OpenAI Embeds C2PA Metadata in ChatGPT and API-Generated Images

baoshi.rao

In the early hours of February 7th, OpenAI announced on social media that it has embedded C2PA metadata in images generated by ChatGPT and its API to prevent illegal misuse.

C2PA is an open data standard that allows publishers, businesses, developers, and others to track and verify the origin, authenticity, and integrity of digital content such as images, videos, and documents through metadata.

Recently, AI-generated inappropriate images of celebrities like Taylor Swift spread wildly online, causing significant impact. OpenAI hopes this measure will reduce abuse and improve people's ability to identify AI-generated images. Currently, only images are embedded with C2PA metadata, while text and audio generated via ChatGPT or APIs remain unaffected. OpenAI will also roll out this feature to all app users.

In addition to embedding C2PA metadata, OpenAI has introduced a verification website for identifying AI-generated content. Users can simply drag and drop JPG, MP3, MP4, or PDF files for quick authentication.

AI image verification website: https://contentcredentials.org/verify However, the user experience is not very good. Even when a clearly DALL·E3-generated image was uploaded, it couldn't be recognized and matched. This is probably due to insufficient training data.

AI Image Embedding C2PA Metadata Example

When we generate an image using ChatGPT, the system displays detailed metadata of the image, including the system that generated it, publication time, description, issuer, etc. If the image is generated using DALL-E3's API, it can also be accurately displayed. Impact of C2PA Metadata on Image Size

OpenAI states that embedding C2PA metadata affects the size of generated images.

Through API, PNG 3.1MB → 3.2MB (3% increase)

Through API, WebP 287k → 302k (5% increase) Through ChatGPT, WebP size increased from 287k to 381k (a 32% increase).

Although the image size has changed, there will be minimal impact on quality, inference, and interaction latency.

What is C2PA Metadata

C2PA is an industry alliance jointly initiated by Adobe, Microsoft, Sony, Intel, ARM and other industry leaders, primarily aimed at combating online misinformation and improving the credibility of digital content. C2PA assists users in verifying the authenticity of content by establishing standardized metadata (which records various detailed information from content creation to distribution).
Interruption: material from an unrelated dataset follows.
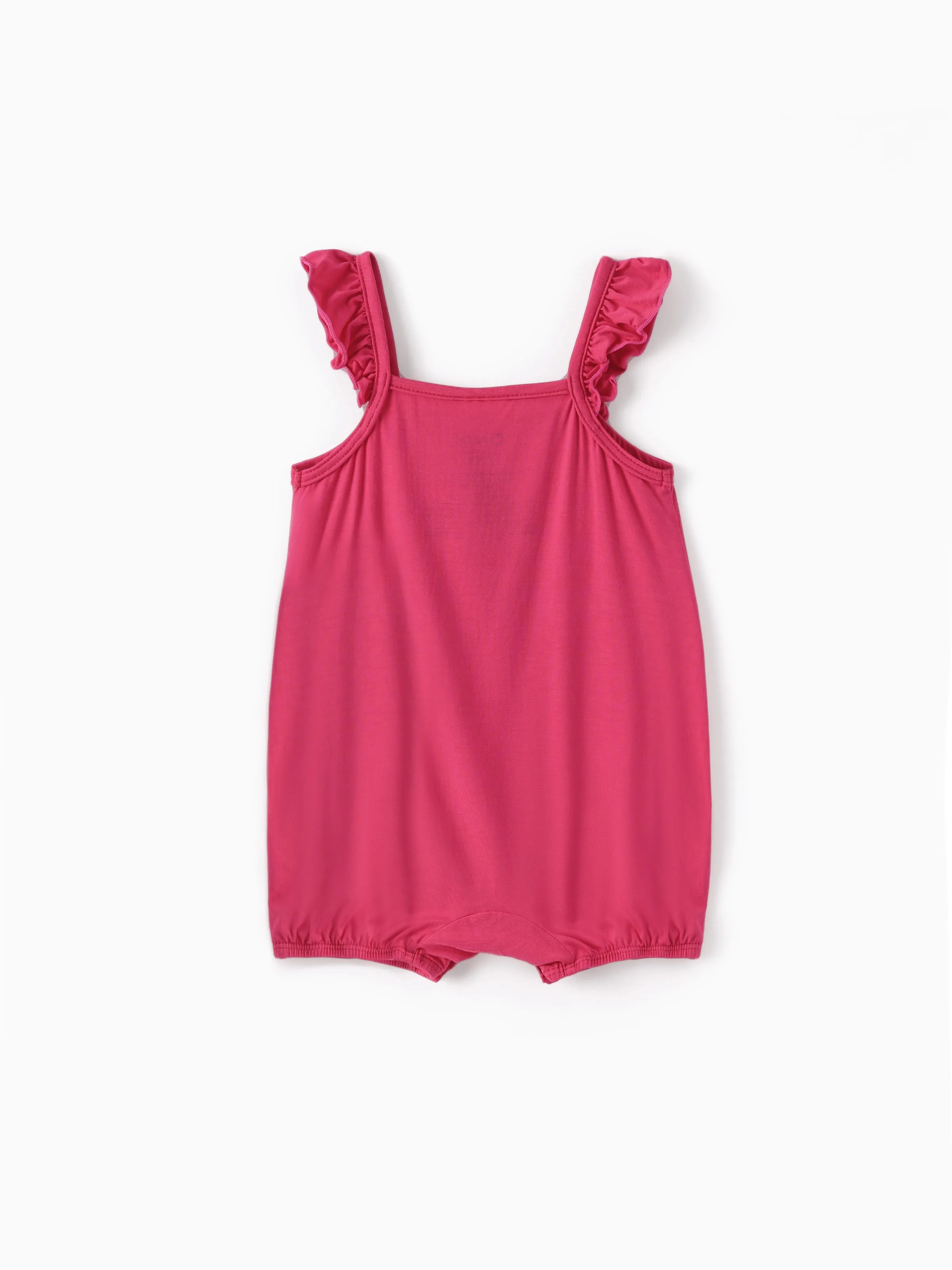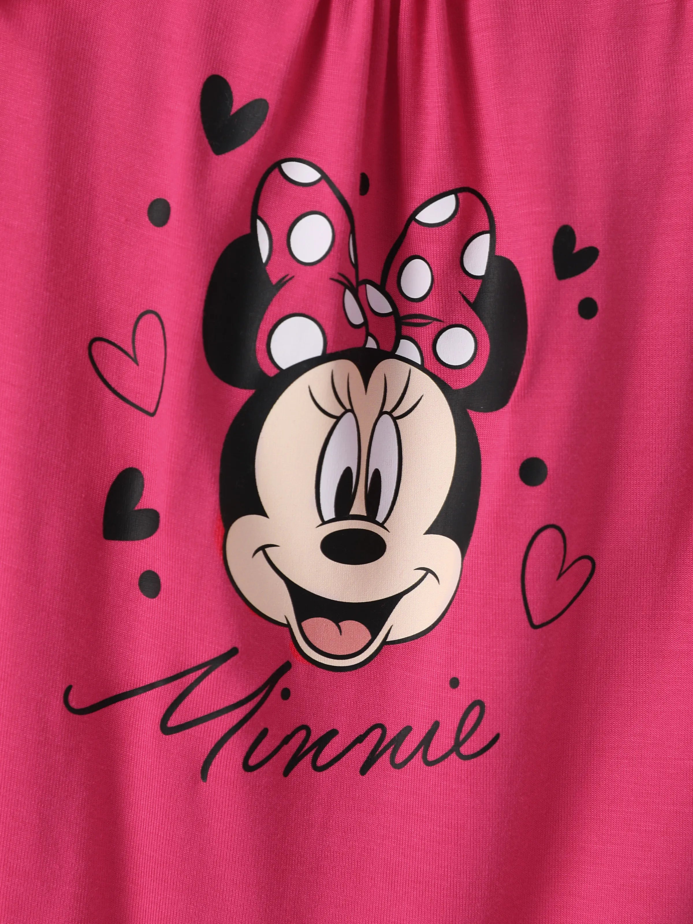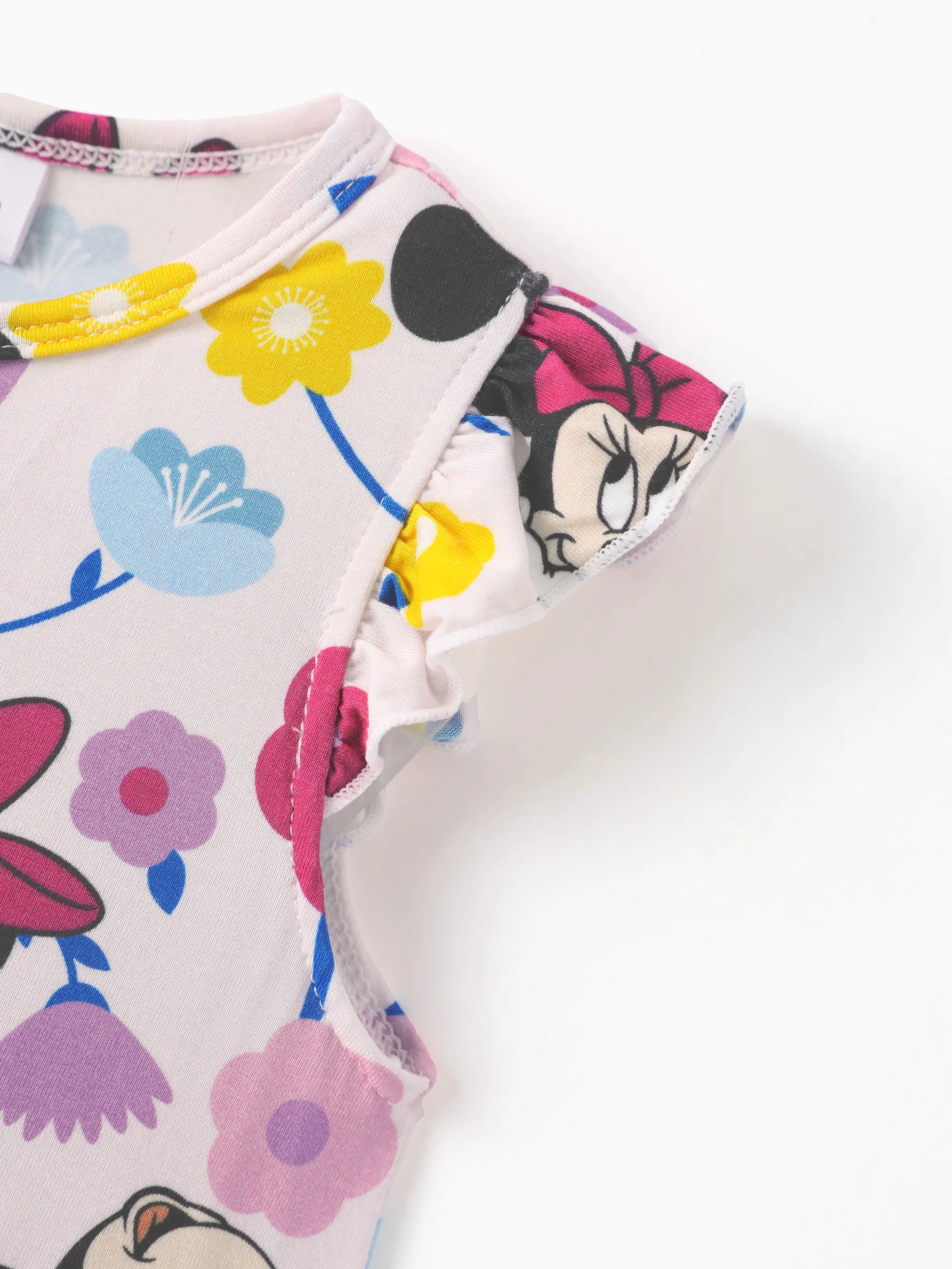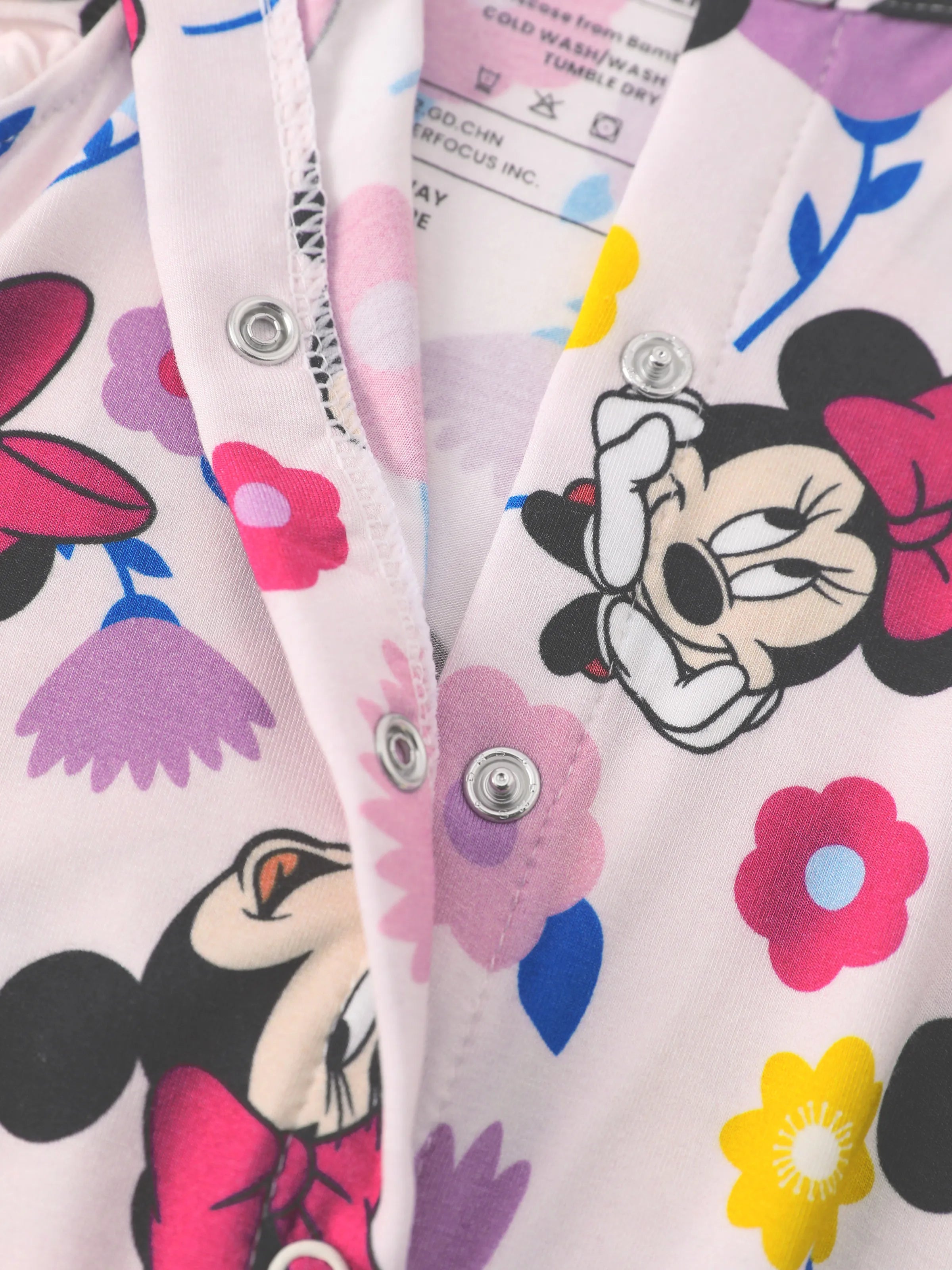 Disney Mickey and Friends Baby Girl 2pcs Minnie Bamboo Ruffled Allover Print Romper Hot Pink
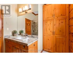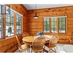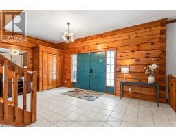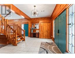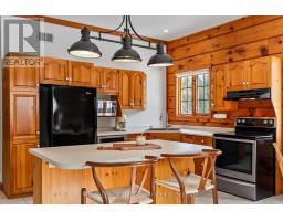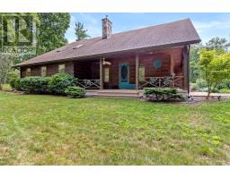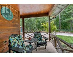 Seize this opportunity to own a piece of history in beautiful Port Franks! This picturesque log cabin is nestled on a mature treed lot and features all the conveniences of modern day living. The generous main floor boasts a cozy dining/sitting room with exposed beams, hardwood flooring and gas fireplace; double height family room with log interior walls, vaulted ceilings, sky lights, grand wooden open riser staircase, and gas fireplace; eat in kitchen with updated appliances (2019) and island with breakfast bar; updated bathroom and large foyer. The upper level boasts full views of the family room with updated main bathroom including tiled shower with glass enclosure, double sinks and stand alone soaker tub and 3 generous bedrooms including primary with vaulted ceilings, double closets and sky light. The entire home is surrounded by wrap around porches and decks with stunning landscaping and hot tub all with privacy from the mature trees. The expansive treed lot spans 198 ft front by 247ft depth. Large triple car detached garage is perfect for parking or hobbiest. Outdoor features include generous driveway with room for RV/boat parking, fire pit, irrigation system (2020), and 2 sand points which provide water for the lawn and gardens. Luxury vinyl flooring (2022), painted (2022), electrical for hot tub, and electrical for generator. Wonderful location being walking distance to 3 marinas, community centre, playground, trails and library and in close proximity to private Port Franks beach, golf coarse and restaurants. (id:61594)

C2PA's metadata primarily includes: Proof of content origin, creating a trustworthy "birth certificate" for content through technical means, explaining how, when, and by whom the content was created;

Records of editing and processing history, documenting all modification history after content creation, including edits, conversions, or other processing steps, to ensure traceability and transparency; Support for multiple media types, while initially focusing primarily on images and videos, the goal is to support as many digital content types as possible, including audio and documents.

Protect privacy and security, when designing standards, considerations are made for the protection of personal privacy and data security, ensuring that sensitive information is not exposed due to the implementation of content traceability.

However, OpenAI points out that even if AI-generated images are embedded with C2PA metadata, it cannot fundamentally solve the challenge of identifying the true source of images. Because this metadata can be easily removed. For instance, most social media platforms currently strip metadata from uploaded images, and operations like taking screenshots can also eliminate it. However, this can enhance users' AI security awareness and provide a certain level of security protection.